Он, ворча, исполнил просьбу. Я откинула занавеску. В тусклом свете уличных фонарей мне удалось увидеть и пораженное оспинами лицо, крупное, добродушное, и тяжелый подбородок, и маленькие светлые глаза. Это был он, тот самый Дантон, которого я видела однажды на трибуне Собрания, когда он в ноябре требовал отставки министров. Теперь я уже не сомневалась.
– Ну а кто же вы, мадам? Я невольно улыбнулась.
– Мое имя вам ничего не скажет.
– Сомневаюсь. Вокруг Австриячки вьются одни герцогини и принцессы. И, вы должно быть, из тех, кого на все лады проклинают сейчас газеты.
– В таком случае, скажем искреннее: мое имя слишком громко для того, чтобы произносить его вслух по любому поводу.
Он присвистнул.
– Скрываете свое имя? Вздор все это, скажу я вам. Да появись у меня хоть малейшее желание, я в два счета узнал бы вас, хотя вы и надели эту шляпу с вуалью, которая закрывает ваше лицо лучше, чем крепостная стена. Вы молоды, светловолосы, хорошо сложены – много ли таких женщин среди жалких остатков…
– О, пожалуйста, – слегка насмешливо прервала я его, – господин Дантон, будьте джентльменом, не узнавайте меня.
Исподлобья взглянув на меня, он потер замерзшие руки.
– Дрянь погода! Договорились, вы можете не говорить мне своего имени, я не домогаюсь. Просто я удивлен. Обычно со мной встречался Монморен.[1]
– Монморен под подозрением. Все кричат, что он вас купил. Вы же знаете, что началось после того, как вы вынудили подать в отставку всех министров, не упомянув только Монморена.
– Так ведь правильно кричат, – заметил Дантон. – Монморен вручил мне десять тысяч.
– А от короля вы получили восемьдесят! И все же предали его, отправив в отставку кабинет, в то время как вам поручили предотвратить это. В результате Лафайет навязал королю своих ставленников. Что вы от этого выиграли?

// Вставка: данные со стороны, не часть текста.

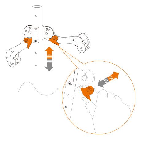 - Die Rahmenhalterungen sind in der Position verstellbar, um die Räder waagerecht zu halten

Дантон болезненно поморщился.
– Вот уж не люблю женщин, которые вмешиваются в политику! Ну да, вы все правильно говорите. Только знайте, что такому человеку, как я, любой охотно даст восемьдесят тысяч. И я возьму их. Но еще никому не удалось купить меня за эти деньги! Я предпочитаю поступать так, как подсказывает мне моя собственная голова. И ничьи приказы я не исполняю.
– А деньги берете? – съязвила я, надеясь его смутить. Он не смутился.
– А деньги беру. Отчего не взять, если дают? Если король обогащал дворян, то революция должна обогащать патриотов. Это справедливо. Разве не так?
Я вздохнула.
– Похоже, что революция для вас, господин Дантон, – настоящая золотая жила. Поздравляю вас.
Он, кажется, даже не слышал того, что я сказала.